Ask Josh Ferguson what people need to know about the Winthrop men’s basketball team this season, and he smiles.

Well, ask him nearly anything, and that’s what the 6-foot-8 forward does. And he has reason to: After all, the sole senior on the Eagles’ roster is embarking on his final run as a college basketball player — and he knows the season could be, collectively and individually, a special one.

“It’s exciting getting ready to go out and make some history,” Ferguson said at the Big South Conference’s media day in Charlotte on Tuesday.

The history he’s referring to is a Big South championship — a feat he hasn’t accomplished since his freshman year.

Since then, of course, a lot has changed: As a sophomore, Ferguson started 26 out of 31 games after starting one in his debut season. As a junior, he carried a similar load in terms of minutes, but he became a more dynamic scorer, averaging 11.3 points per game and proving he could shoot over 40 percent from three in addition to leading the team in rebounds and defending the post.

And now, as a senior, he anticipates his role to change again: He’ll still be a vocal leader, an asset as a big who can run the floor in Winthrop’s up-and-down system and someone head coach Pat Kelsey said he’s “really leaning on” in the frontcourt; that said, with the addition of Rock Hill native and University of Tennessee transfer, D.J. Burns, Ferguson anticipates being able to more often operate in space on offense — a prospect he’s excited about.

“Having D.J. there takes a load off me,” Ferguson told The Herald at a practice earlier this season. “We have two big guys now, so we can rebound and defend (better) and then, with the offensive mismatches, D.J. and I play really well together, playing off one another.”

He said he and Burns could pose matchup problems Winthrop couldn’t before in his sophomore and junior seasons.

“We could play high-low,” Ferguson said. “I can bring more of an outside touch. He has a really good inside touch. We can kind of play off of that, and most teams don’t have two bigs to match up with us.”

At the conference’s media day, head coach Pat Kelsey sang Ferguson’s praises.

“Josh just has that comfortable way about him,” Kelsey said with a smile at media day. “He’s from the beach, from Miami … That’s just how Josh is.
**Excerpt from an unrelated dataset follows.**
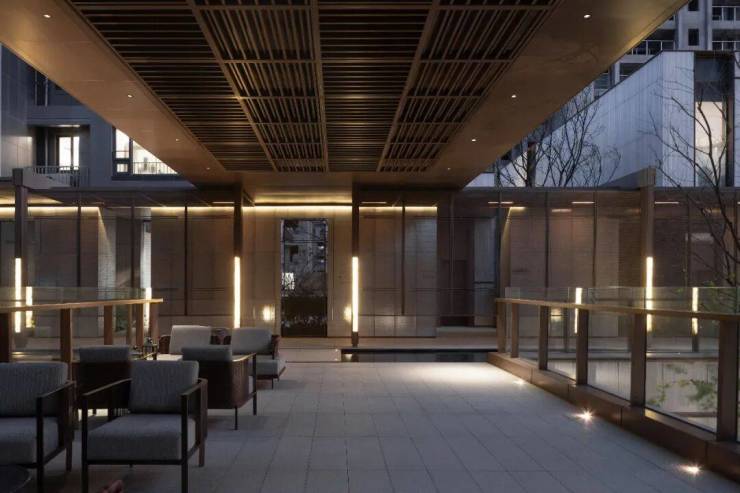 The meditation courtyard on the side of the corridor uses delicate and restrained design techniques and rigorous geometric language to create a quiet, elegant and orderly space.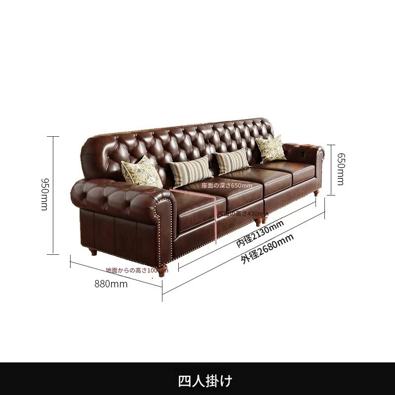 【輸入オイルワックストップグレイン牛革】4人掛け

He’s a world class young man. I tell people all the time, he’s the type of kid I’d say ‘buy stock in Josh Ferguson’s future’ because it’s bright.”

Ferguson said that a lot can also be discerned by how his teammates act together once the practice’s final whistle blows. Another smile comes to his face when he talks about how much his teammates love working out together after practice and how much time they spend with each other outside of basketball. (“I’m the best Fortnite player on the team,” he insists.)

Come the end of this season, Ferguson said he wants to play basketball professionally. He’s majoring in business management and aspires to one day run his own company — perhaps one related to fashion.

But those life-after-college-basketball decisions are a Winthrop season away — one that could bear more fruit than any other he’s been a part of.

Said Ferguson with a smile: “We’re going to make it happen this year. We’re going to make it happen.”